Northern vs. southern Italy has been a subject of discussion for a long time! “There is no doubt that Italy’s economic and social disunity remains the most obvious and least addressed structural limitation.” A study performed by Eurispes reached that conclusion. “The greatest incongruity of our country is that 41 percent of its territory lives in such dissimilar social, economic, and civil conditions that it seems a different nation.”
In 1951, per capita GDP in the South was 52.9 compared to that of the North and Center. That means the South had half the nation’s GDP. In 1973 it reached 60.5 (almost eight points higher than in 1951). However, gone are those days that portrayed these outstanding numbers.
“The South is not a minority partner. The nagging question is this: can a nation call itself such if one-third of it is in a radically different condition from the other two-thirds? No, it cannot be for moral, civic, or minimum fairness reasons. But mainly for economic reasons. In the same nation and an interdependent economy, the backwardness of one part results in a reduction of national wealth. And it reduces the development horizon.”

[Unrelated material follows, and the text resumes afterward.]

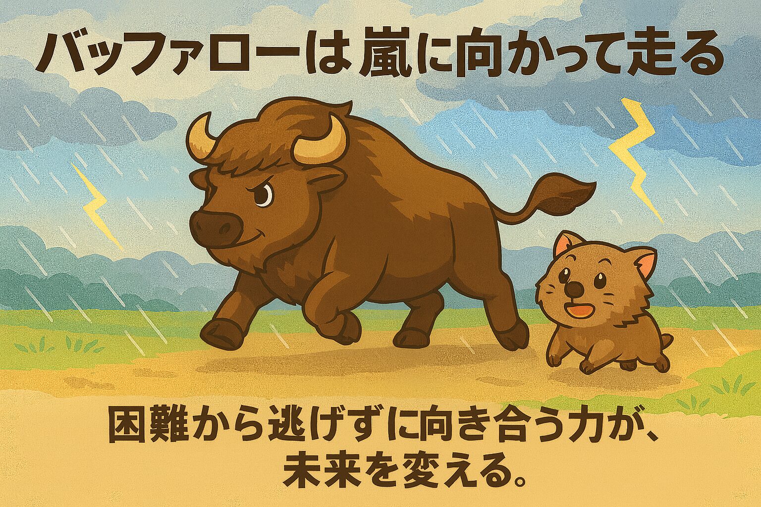 一方、バッファロー(バイソン)は嵐の進行方向へ自ら向かい、最短で嵐を通り抜けます。

“This is the greatest inconsistency in our country. Without giving the matter too much thought, we can easily affirm the following. If that backward territory recovered the path of growth and came close to the performance of the other two parts, Italy would again become a leading nation in the world economy.”
“Italy’s cohesion should be our greatest economic reform, bridging the gap in our most forward-looking strategy.”

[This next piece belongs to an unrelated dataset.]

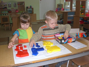 Строится «район» больших и «район» маленьких домиков. В каждом районе – улицы разного цвета. И сами блоки «домики» имеют разную форму. Даётся задание, например, найти прямоугольный домик в районе маленьких домиков, на красной улице. Четырёхлетки с интересом гуляют по такому городу, выделяют, сразу три свойства фигур.

A good example is to look at what happened in Germany after reunification. “Germany has invested almost five times more on its East in 30 years than was spent in about 60 years in the South of Italy, that is, between 1.5 trillion and 2 trillion euros.”

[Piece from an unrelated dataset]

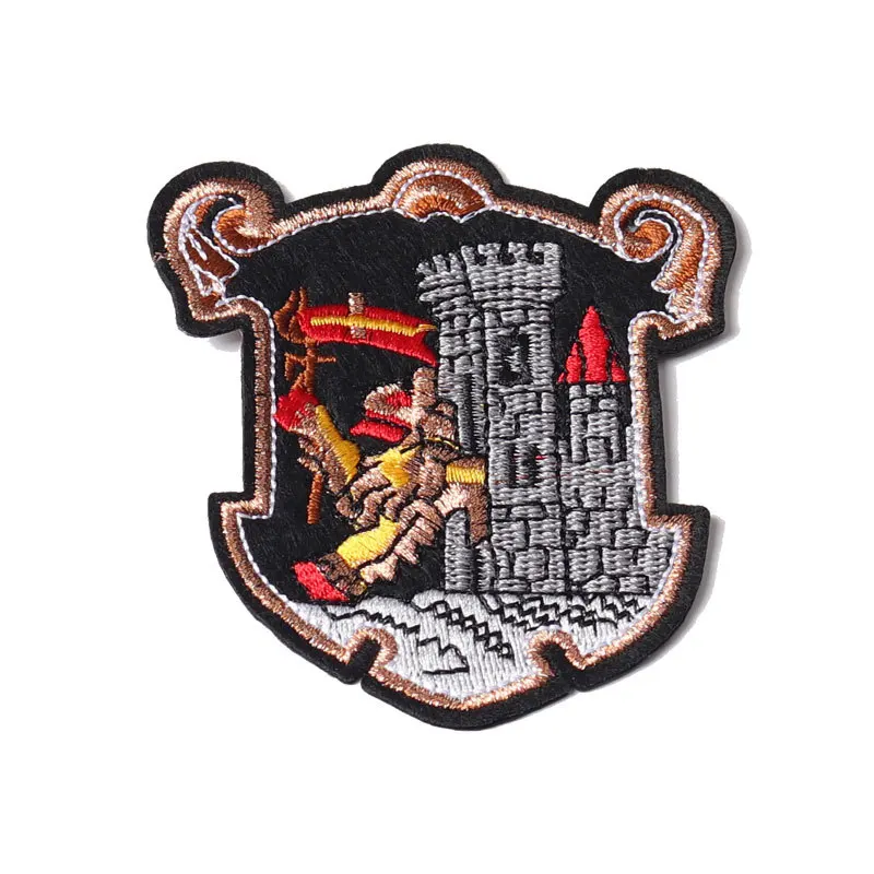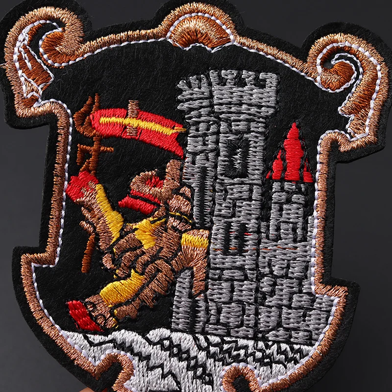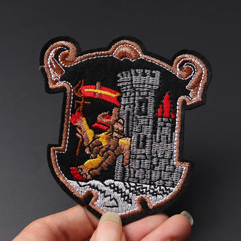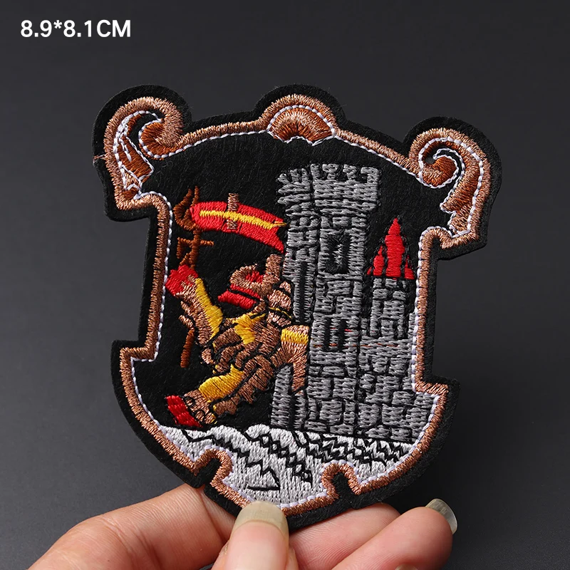 This beautifully crafted embroidered decorative patch measures 8.9 cm by 8.1 cm and showcases an enchanting design featuring a majestic castle and a dynamic knight. Made from high-quality non-woven fabric, this patch is not only visually stunning with its gray stone textures and rich red accents but is also highly practical with an iron-on style for easy application on any garment. The intricate detailing, such as the vivid colors of yellow, red, and brown in the knight's attire, immerses you in a world of imagination. Enhance your clothing or accessories with this unique piece that speaks to your adventurous spirit.

For the South of Italy, the figures are these: in 58 years, that is, from the start of the Cassa del Mezzogiorno in 1950 to 2008, 342.5 billion euros entered the region as an investment. In eastern German, an average of 70 billion euros a year can be contrasted with the Mezzogiorno 6 billion a year investment. Thus, the territorial gap in Italy has lasted a full 160 years.
“However, something seems to make possible what seemed unthinkable until a while ago,” Eurispes comments. “Conspicuous public resources will come from Europe, and Draghi could repeat a new economic miracle. The Cassa per il Mezzogiorno model may not be replicated. But the nation needs to include the South in its strategy.”
Growing the South is a bargain for the Italian economy!
In 2020, the report recalls that Italy “celebrated” 50 years since the birth of the Regions. One of the most resounding consequences of Italian-style regionalism is the 20 different health care systems around Italy. Today, the same treatment and prevention translate into 20 different responses.
“Therefore, a problem arises. And it can not continue to be ignored. Is the value of common Italian citizenship compatible with facilities, care, and capabilities that change drastically depending on the territory in which one lives and resides?”
Have the regions helped us overcome the economic differences with the North Center before their birth? “The answer is: none of the eight southern regions in the past 50 years has surpassed a North-Center region in income and productive activity.”
In recent decades, again stating Eurispes, the economic gap has not been alone. A noticeable difference in services also has become part of the recipe.
People in the South die earlier!
So, it must not surprise us that the difference in economies translates into social implications. “Today, health statistics tell us that those who live in the South die on average two years earlier than those who reside in the North. Undoubtedly, it is first and foremost the different economic conditions between the two parts of Italy that affect the greater or lesser possibility of extending the years of life.”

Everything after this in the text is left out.